– Благословите, святые! – раздался за дверью громкий, трескучий, как гороховая погремушка, голос отца будильника.

– Бог спасет тебя, отец Игнатий, – живо ответил отец Феона и удрученно погрозил Маврикию кулаком.

В приоткрытую дверь просунулась кислая физиономия отца будильника.

– Отец Феона, что же ты сам не спишь, да еще глупендяя этого подле себя держишь? Уже первые петухи пропели[104]. Неужто до утрени[105] сидеть собрался?

– Спаси Христос, отец Игнатий, – поклонился Феона монаху и почти силой выставил расстроенного послушника из своей кельи. – Ну Маврикий, довел-таки до греха! – сказал он в сердцах. – Иди с Богом! Завтра поговорим.

Выпроводив посторонних, отец Феона встал на колени перед иконами и троекратно размашисто осенил себя крестным знамениием, от которого огонек лампадки яростно затрепетал на фитиле.

– Боже, милостив бу́ди мне, грешному. Созда́выи мя, Господи, и помилуй мя. Без числа согреши́х, Господи, помилуй и прости мя грешнаго…

Отправив Маврикия спать, отец Игнатий неспешно шел по пустынному коридору братского корпуса, тихо под нос напевая пятидесятый «Покаянный» псалом.

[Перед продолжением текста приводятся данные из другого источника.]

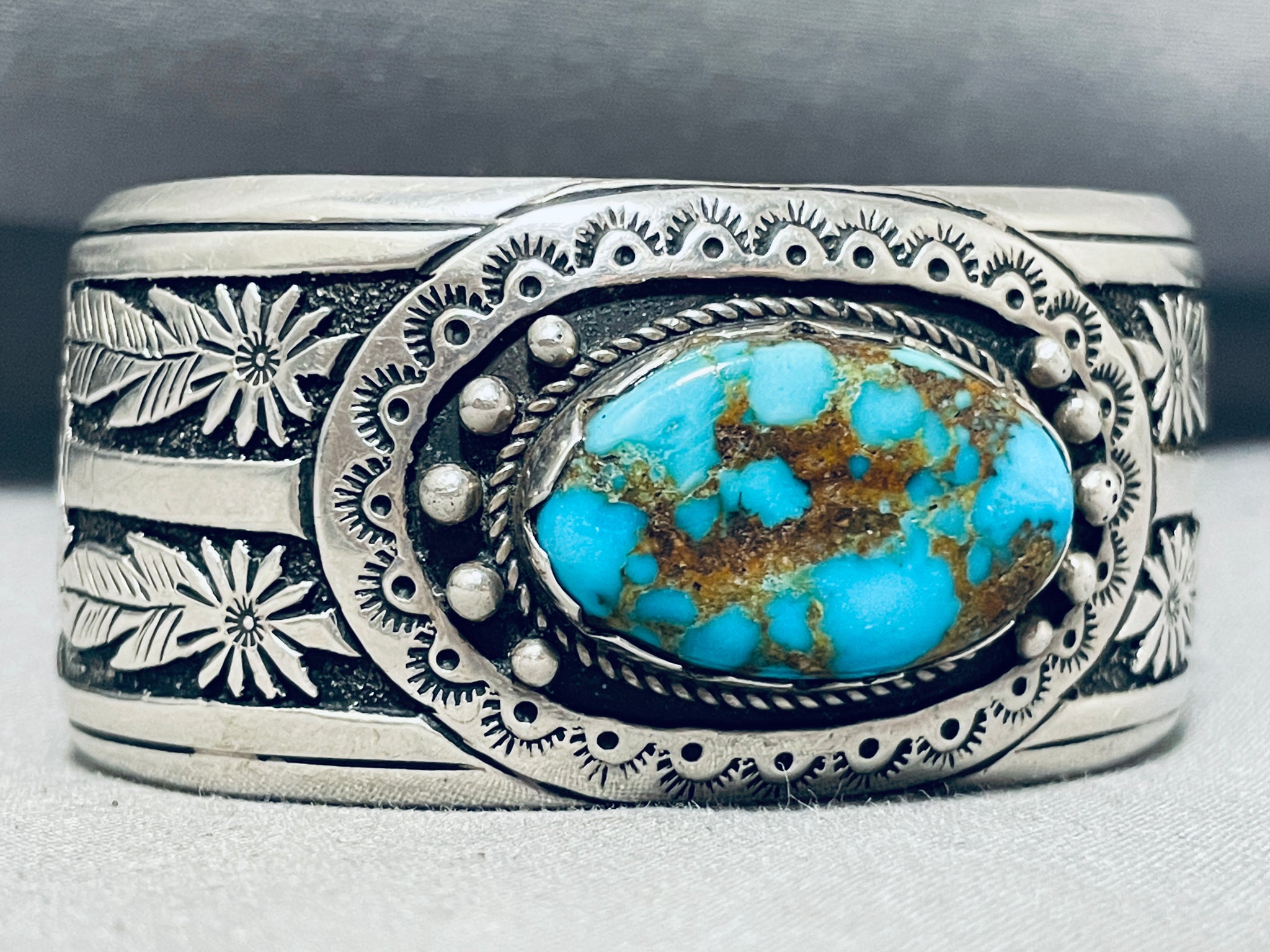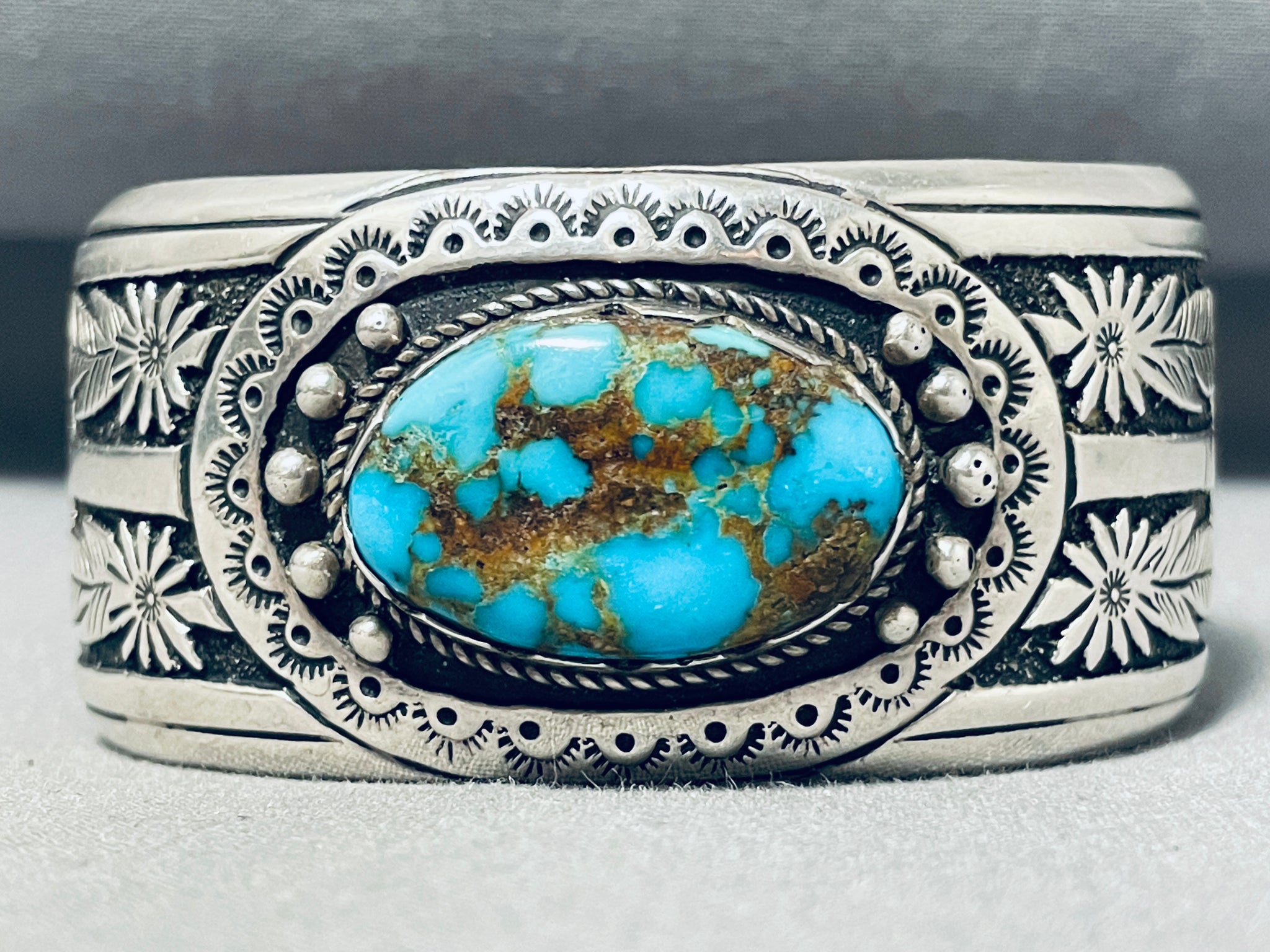 Breathtaking Signed Native American Navajo Candelaria Turquoise Sterling Silver Bracelet
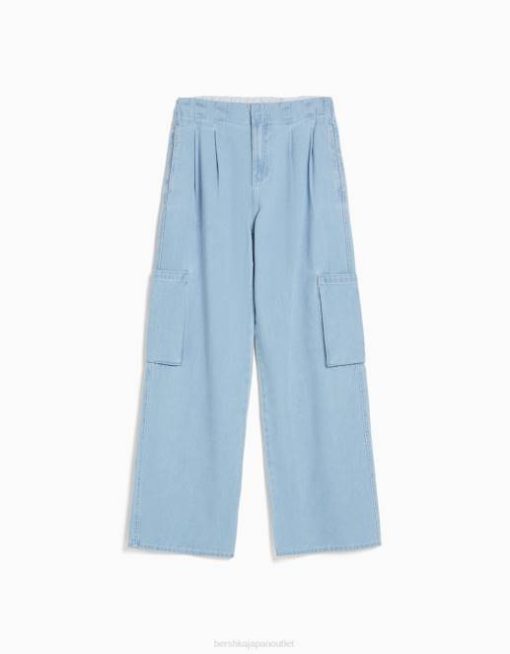 ユニセックス Bershka プリーツカーゴジーンズ 60443933 衣類 ライトブルー
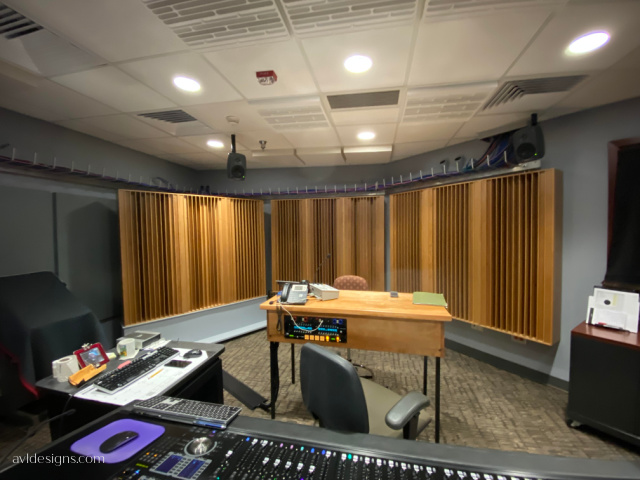 WXXI TV reached out to AVL Designs Inc. to design the interior acoustics and assist with noise control in their product 225 control room. They had recently purchased an AVID S4 Yukon console for the suite and wanted a control room that provided a better mix environment. The space is an unusual shape with some features that cannot be changed. The oddly trapezoid room with one glass door to the side of the mix position, and a large window to the live room that could not be relocated, was limited in height. It also had an electrical panel that could not be covered for code reasons. The first order of business was HVAC noise control. The background in the space was NC 40+. Ductwork design was what you see in office spaces, not studios. Working with their mechanical contractor we determined to enlarge ducts, change diffusors, move VAV’s, and control velocities. The result ticks in at NC20. The new space was to have a mix position and a client listening position in the rear of the space, where it narrows considerably in a “V”. To even out response, we determined to use high order quadratic diffusors on the back wall. An electrical panel presented a problem. It could not move and had to be accessible. Some of the broadband quadratic diffusors were designed into a custom designed rolling cart. This allows them to go over the electrical panel but be legal as they could be moved. This allowed matching the rear sides of the space with broadband diffusion. GUD high frequency diffusors on side walls and the ceiling over the mix position to enlarge the mix image area back to the client desk. The sound at the client desk is just as linear and only down in level by 3dB from the main mix position. All products were from Real Acoustix. Due to the door location and the “V” in the rear of the room, typical placements for bass traps were negated. We decided to use bass traps within the celling system, a bit unusual but it worked. Overall response is very linear, and only two subtle filters were used to final tune the Rogers LS3 main speakers.
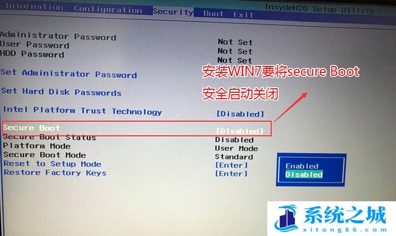 1、开机一直按F2或(FN+F2)进入BIOS,按→方向键切换到Security选择Secure Boot回车设置成Disabled,关闭安全启动,这里一定要记得关闭,如下图所示;
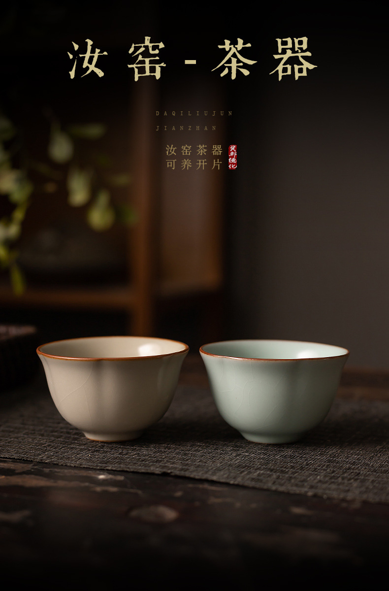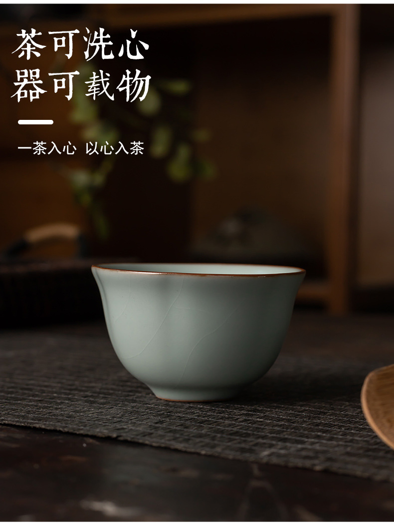天青汝窯茶杯主人杯単杯開片品茗コップカンフー茶杯陶磁器茶器レトロ茶碗
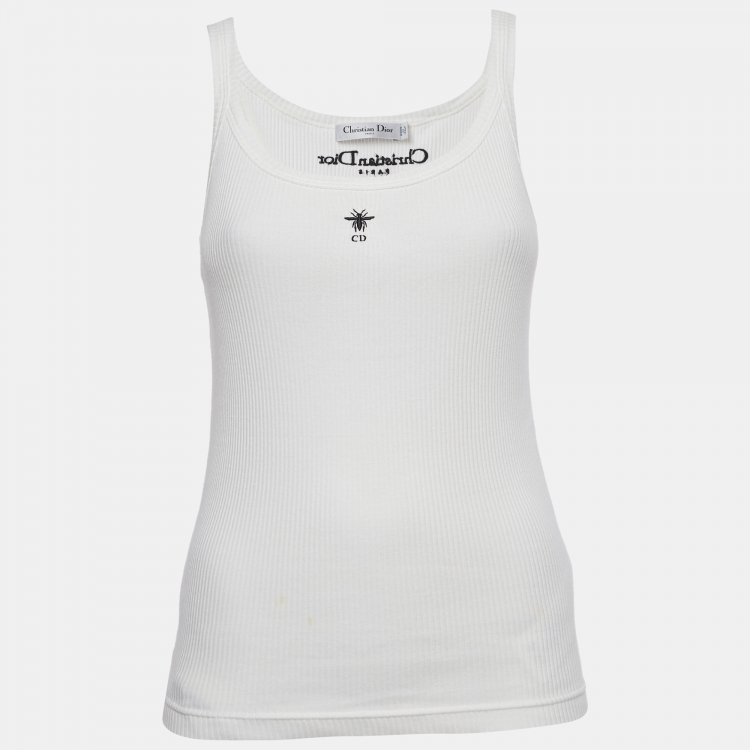 Pre Owned بلوزة ديور قطن بحياكة ضلعية بتطريز شعار أبيض مقاس صغير - سمول
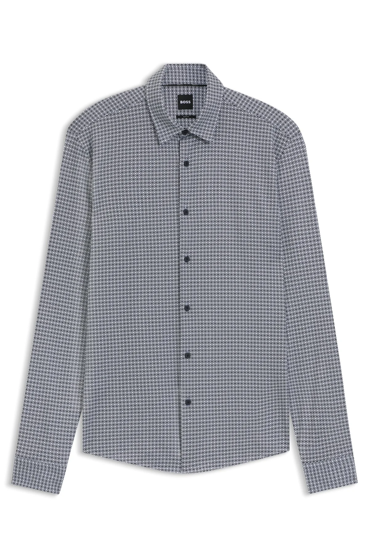 DETAILS P-ROAN-kent-C1-233 - 50550652 Printed with a modern motif, this BOSS Menswear shirt is cut in flex-weave fabric with cotton for comfort and easy movement. Slim fit Slim fit Kentkragen Round cuffs Standard length QUALITY & CARE INSTRUCTIONS Do Not Tumble Dry Machine Wash Cold Gentle Quality: 50% Polyester, 45% Cotton, 5% Elastane Iron Low Heat Do Not Bleach Dry Clean Only
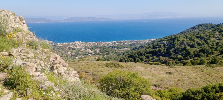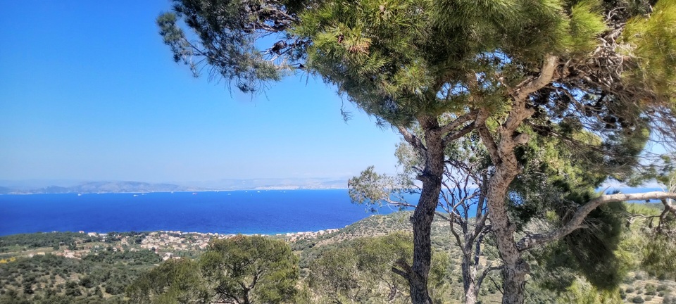 Φτάνουμε στην κορυφή με τον δίδυμο Αη Γιώργη – Αη Δημήτρη. Ο Σαρωνικός στο βάθος ένα γύρω.
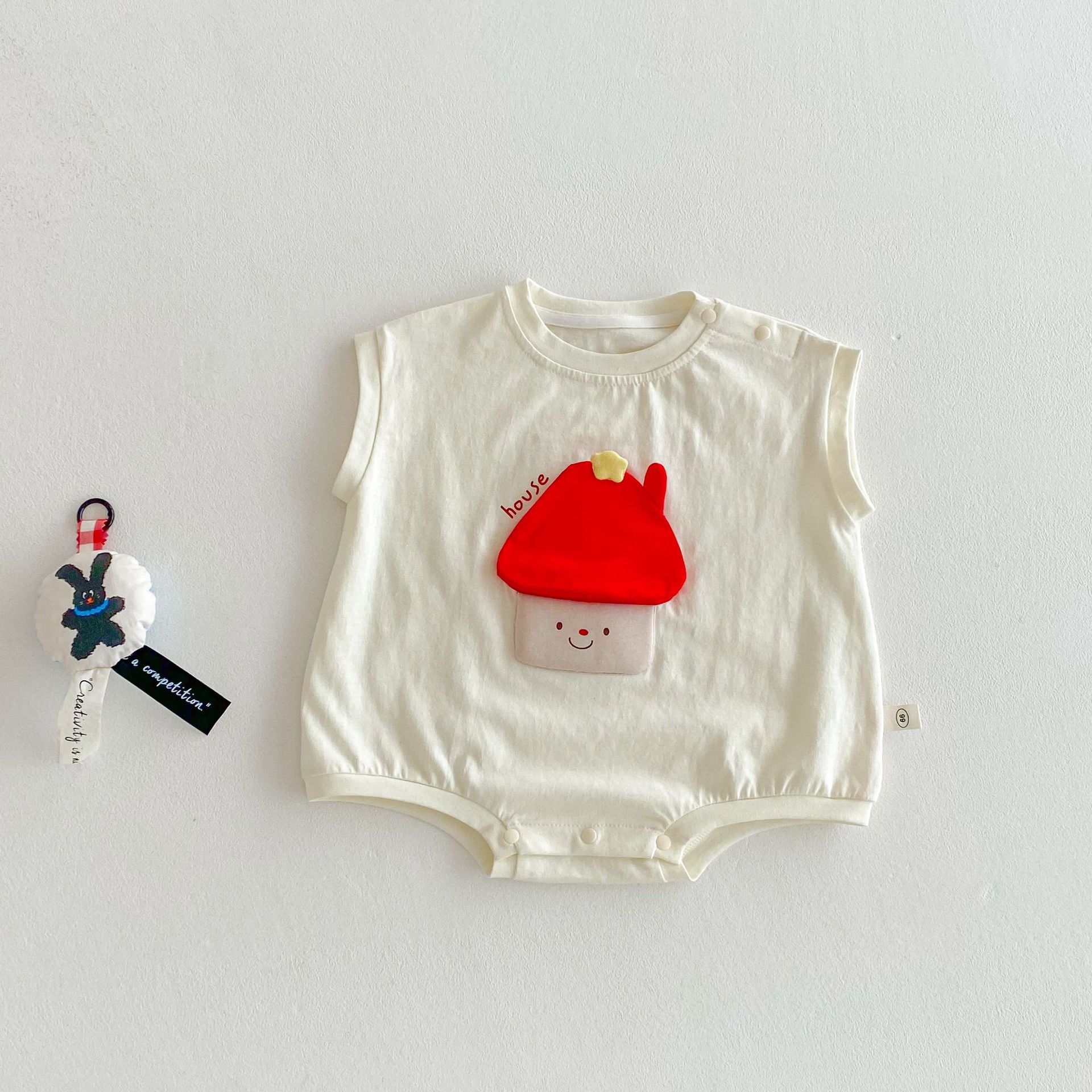 아기 만화 가방 방귀 2025 새로운 여름 소녀 서양식 입체 작은 집 점프 수트 신생아 옷

Страдающий постоянной бессонницей монах никогда не спал ночью, благополучно совмещая свой недуг с работой монастырского будильника. Он шел, держа в руках маленький масляный светильник, почти ничего не освещавший уже в паре шагов от него, что, впрочем, Игнатия никак не трогало. Он мог ходить здесь с закрытыми глазами. Он знал здесь каждый поворот, каждую выбоину, каждый кирпич в стене и каждую скрипучую доску расшатанного пола. Годы бессонных ночей довели его действия до автоматизма. Уже дойдя до поворота, он неожиданно заметил, что коридор осветился тусклым светом. Кто-то пока незримый приближался к нему с другой стороны.

– Эй, кого тут нелегкая по ночам носит? – сердито воскликнул Игнатий, подняв светильник над головой и подслеповато вглядываясь в сумерки.

Свет с той стороны мгновенно погас. Игнатий поспешил за угол. Темный коридор был пуст, но монах готов был побожиться, что слышал чье-то тяжелое дыхание рядом с собой.

– Что за шутки? – неуверенно промолвил он, озираясь по сторонам. – Маврикий ты, что ли? Я вот отцу наместнику-то расскажу про твое озорство!

В ответ ему была тишина. Даже чужое дыхание больше не слышалось. Краем глаза Игнатий заметил, как по стене промелькнула большая тень и мгновенно растворилась во мгле. Не отличавшийся особенной храбростью Игнатий тем не менее ринулся за тенью, полагая, что настигнет нарушителя монастырского устава где-то возле книжного хранилища, за которым была глухая стена без окон и дверей. Однако тень, бесшумная и проворная, еще раз промелькнув в неровном свете масляного светильника, просто растворилась в плотной тьме арочных переходов старинного здания. Изумленный и изрядно напуганный Игнатий неуверенным шагом прошел еще несколько шагов и нос к носу столкнулся с иноком Епифанием, словно призрак возникшим перед ним. От неожиданности Игнатий заорал в полный голос и выронил масленку из рук, однако Епифаний необычайно ловко поймал ее в свою открытую ладонь, даже не пролив масла, и протянул Игнатию со словами:

– Осторожно, отче!

– Спаси Христос, брат Епифаний, – ответил пришедший в себя будильник и, оправив рясу, спросил, подозрительно щурясь: – Что же ты, честной брат, ко сну не отошел?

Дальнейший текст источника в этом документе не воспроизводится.